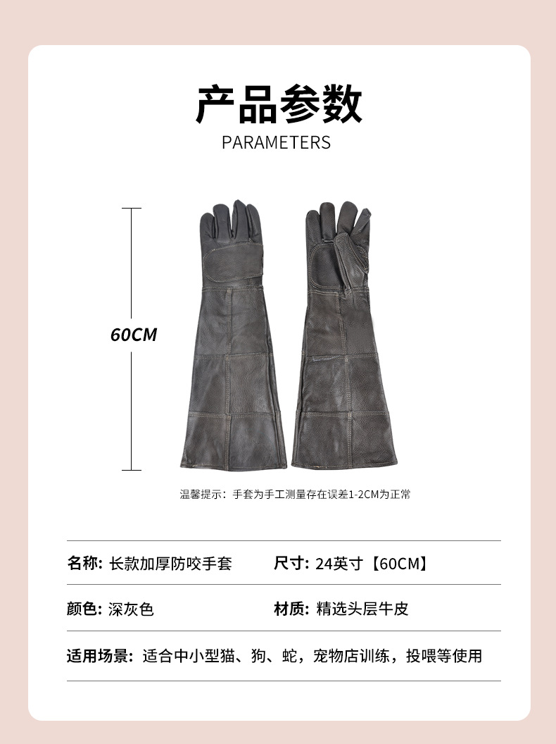 안티-개 물린 안티-바이트 고양이 애완 동물 안티-캐치 안티-뱀 안티-펑크 더블 레이어 대형 내구성 긴 두꺼운 장갑 개 훈련
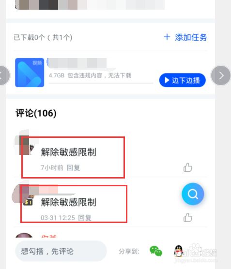 第三:下载速度为零并评论区有【解除安全/敏感限制】等评论。
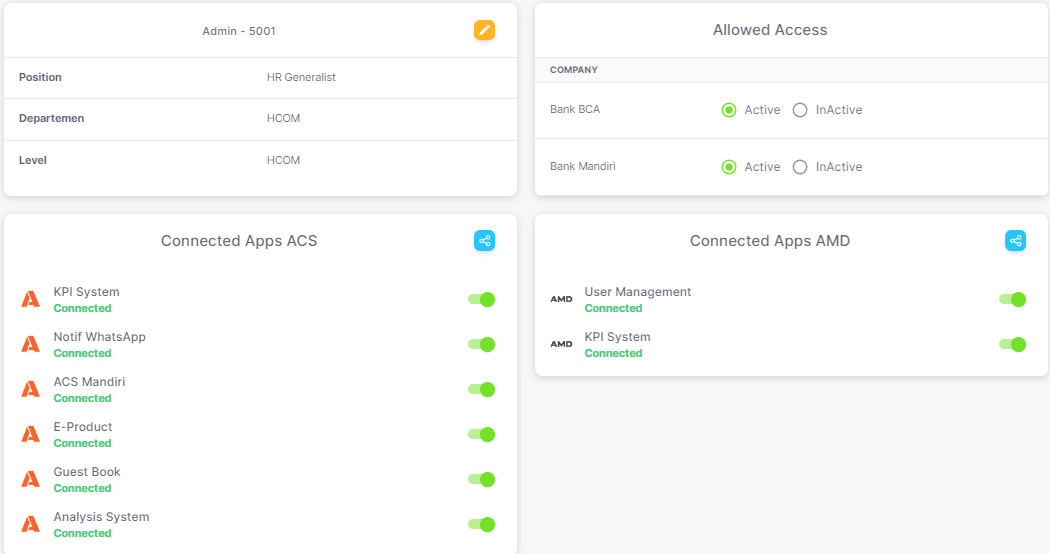 User management application to manage access for each user for each application, so that one account can log in to many applications
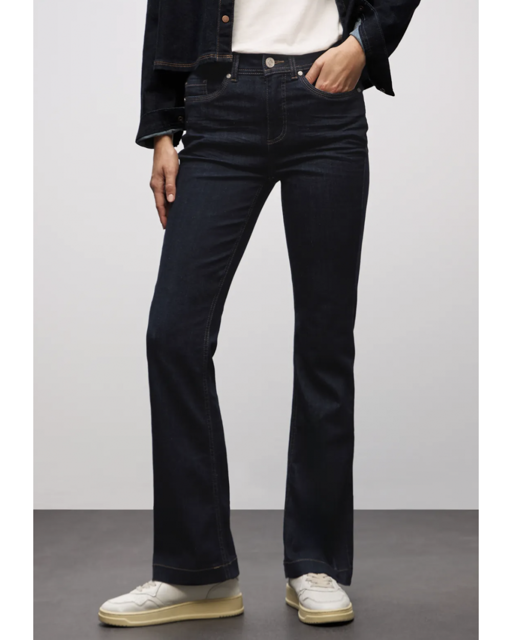 Le jeans Bootcut de Street One pour femmes présente un look rinsed moderne et marque des points avec sa coupe Slim Fit qui souligne la silhouette et sa taille High Waist. Les Bootcut Legs assurent une silhouette flatteuse, tandis que le mélange de coton avec une part de stretch offre un confort agréable. Le pantalon en jean Bootcut se combine de multiples façons - de la décontraction au chic.
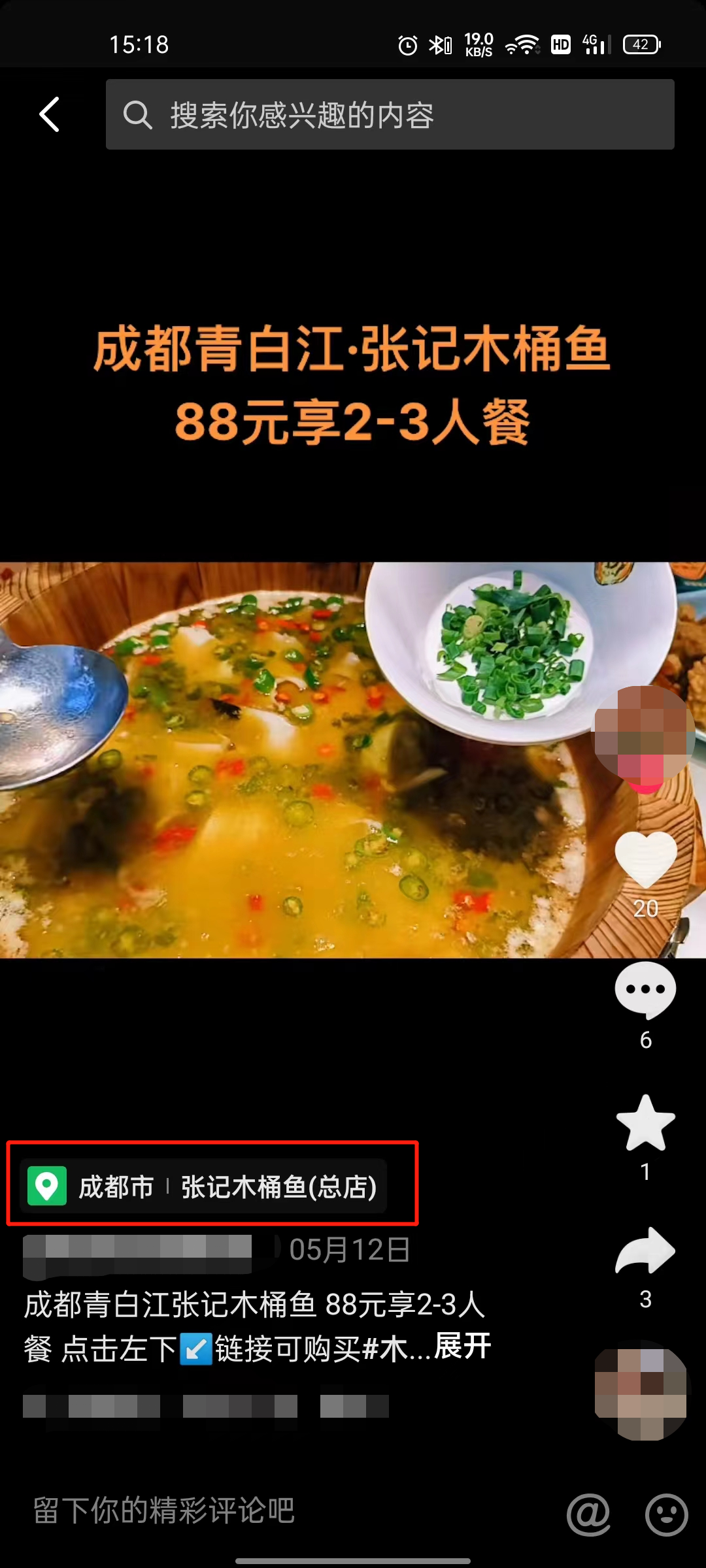 张记木桶鱼(清白江店)是连锁总店,本次做活动上线的就是总店的套餐,只有总店的商品享受折扣价,也就意味着,用户下单折扣套餐后,只能到总店这个门店进行核销,也就给总店直接带来了流量。
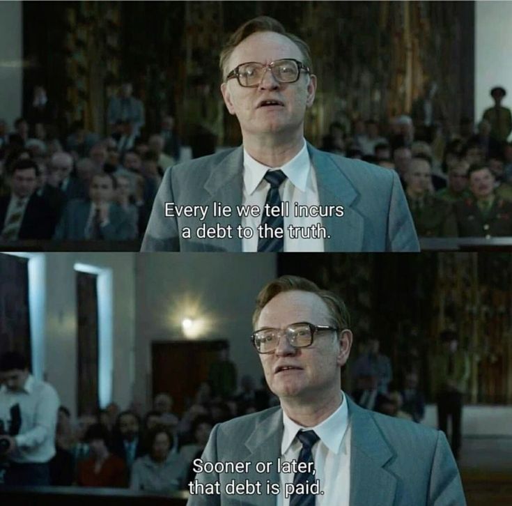 Цитата на века: «Какова цена лжи? Дело не в том, что мы принимаем ее за правду. Реальная опасность заключается в том, что если мы услышим достаточно лжи, то вообще перестанем распознавать правду», – член комиссии по расследованию причин аварии Чернобыльской АЭС Валерий Легасов
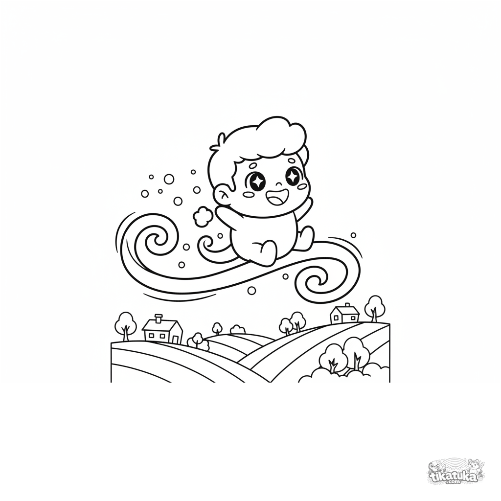 Coloring page for kids 4-6: a happy, fluffy cloud sprite rides a breeze high in the sky. A bright and joyful fantasy scene.
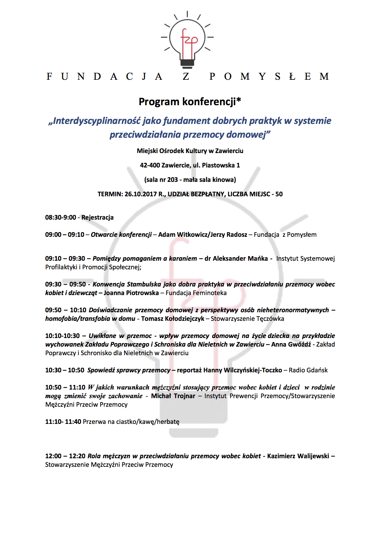 W dniu 26.10.2017r. także w MOK – sala 203 (mała sala kinowa) odbędzie się konferencja pt. „Interdyscyplinarność jako fundament dobrych praktyk w systemie przeciwdziałania przemocy domowej”. Wśród prelegentów będą kuratorzy sądowi, przedstawiciele organizacji pozarządowych oraz lokalnych instytucji zajmujących się przeciwdziałaniem przemocy. W panelu dyskusyjnym weźmie udział Przewodniczący Krajowej Rady Kuratorów – Pan Grzegorz Kozera.
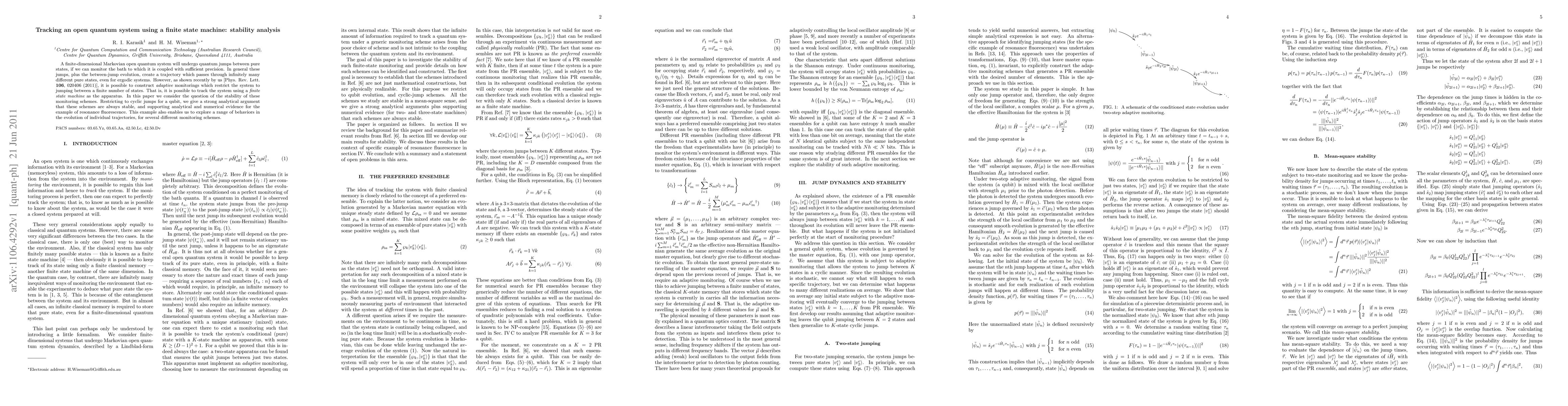 A finite-dimensional Markovian open quantum system will undergo quantum jumps between pure states, if we can monitor the bath to which it is coupled with sufficient precision. In general these jumps, plus the between-jump evolution, create a trajectory which passes through infinitely many different pure states, even for ergodic systems. However, as shown recently by us [Phys. Rev. Lett. \textbf{106}, 020406 (2011)], it is possible to construct {\em adaptive} monitorings which restrict the system to jumping between a finite number of states. That is, it is possible to track the system using a {\em finite state machine} as the apparatus. In this paper we consider the question of the stability of these monitoring schemes. Restricting to cyclic jumps for a qubit, we give a strong analytical argument that these schemes are always stable, and supporting analytical and numerical evidence for the example of resonance fluorescence. This example also enables us to explore a range of behaviors in the evolution of individual trajectories, for several different monitoring schemes.
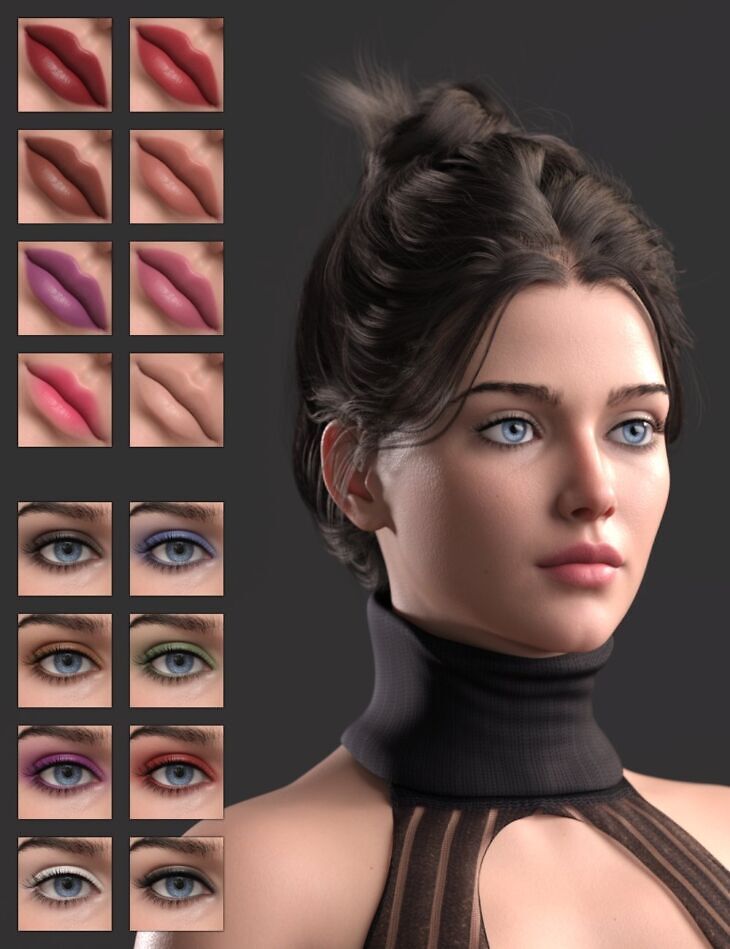 Giselle or Genesis 9 includes face and body shape, head and body HD details, PBR materials, 8 L.I.E. lip colors, 10 L.I.E. makeup options, eye color, fibermesh eyebrows, and normal maps.
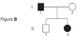 No heredograma (figura B), os indivíduos I-1 e II-2 são afetados por uma doença que tem herança dominante ligada ao X.
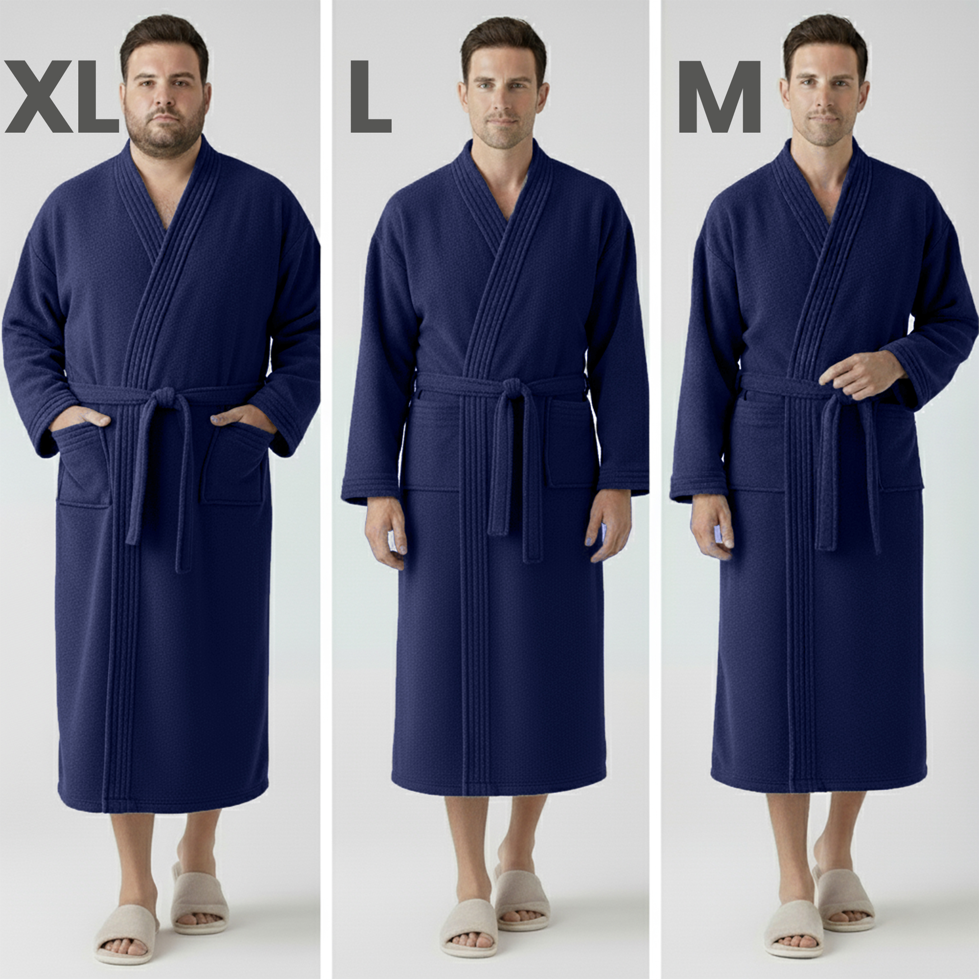 Canadian Linen offers this luxury kimono bathrobe in three comfortable sizes: Medium, Large, and X-Large. Each size provides enough room for relaxed movement while maintaining a neat fit. The waist belt can be adjusted to suit personal comfort, allowing anyone to wear it with ease.
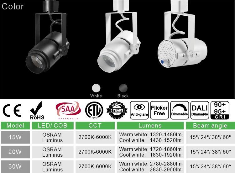 Palabras clave 1:Luz estrecha del punto del haz LED, luz de la pista del techo, Luz del carril del LED
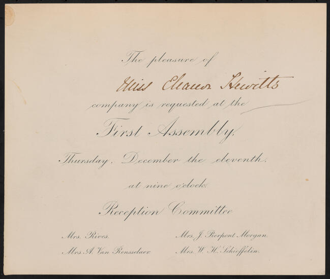 [The pleasure of Miss Eleanor Hewitt's company is requested at the Second Assembly.]
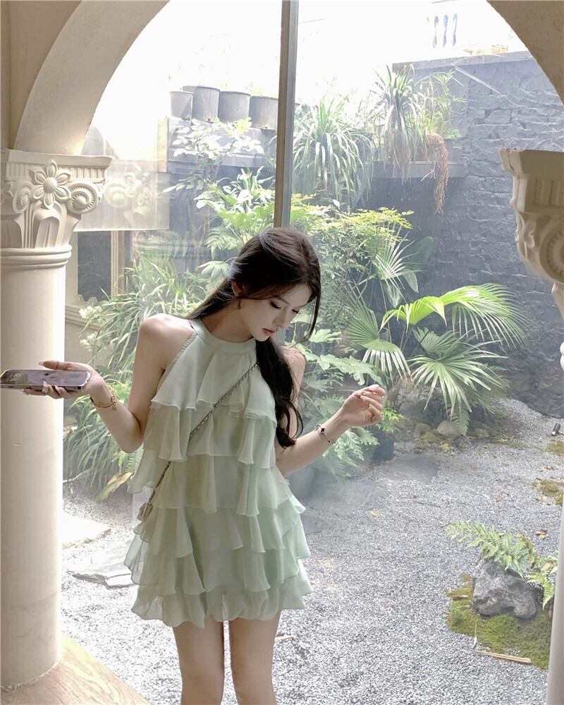夏のフランスのホルターネックドレスの女性、純粋な貪欲なスタイル、セクシーな気質、シフォンノースリーブスカート、フリルケーキスカート サマー 夏物 ピュア bstraw6437792652 | beaute25
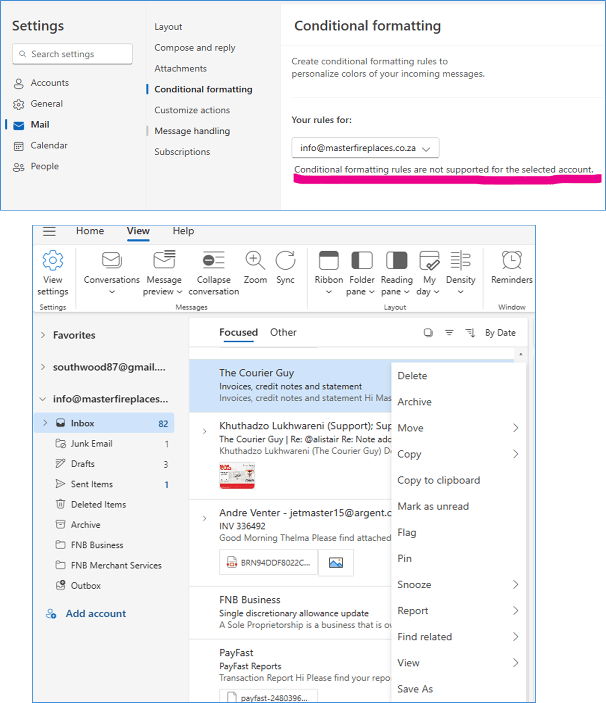 When I right-click on the email for which I want to create a conditional formatting rule, the drop-down selection does not give me an option to select create a rule (see attached image).

ACTIVITY:
Lines from the start of the material through the line containing "Coloring page for" are to be restated word for word; no picture may be included.

ANSWER FOR THE TASK:
 안티-개 물린 안티-바이트 고양이 애완 동물 안티-캐치 안티-뱀 안티-펑크 더블 레이어 대형 내구성 긴 두꺼운 장갑 개 훈련
 第三:下载速度为零并评论区有【解除安全/敏感限制】等评论。
 User management application to manage access for each user for each application, so that one account can log in to many applications
 Le jeans Bootcut de Street One pour femmes présente un look rinsed moderne et marque des points avec sa coupe Slim Fit qui souligne la silhouette et sa taille High Waist. Les Bootcut Legs assurent une silhouette flatteuse, tandis que le mélange de coton avec une part de stretch offre un confort agréable. Le pantalon en jean Bootcut se combine de multiples façons - de la décontraction au chic.
 张记木桶鱼(清白江店)是连锁总店,本次做活动上线的就是总店的套餐,只有总店的商品享受折扣价,也就意味着,用户下单折扣套餐后,只能到总店这个门店进行核销,也就给总店直接带来了流量。
 Цитата на века: «Какова цена лжи? Дело не в том, что мы принимаем ее за правду. Реальная опасность заключается в том, что если мы услышим достаточно лжи, то вообще перестанем распознавать правду», – член комиссии по расследованию причин аварии Чернобыльской АЭС Валерий Легасов
 Coloring page for kids 4-6: a happy, fluffy cloud sprite rides a breeze high in the sky. A bright and joyful fantasy scene.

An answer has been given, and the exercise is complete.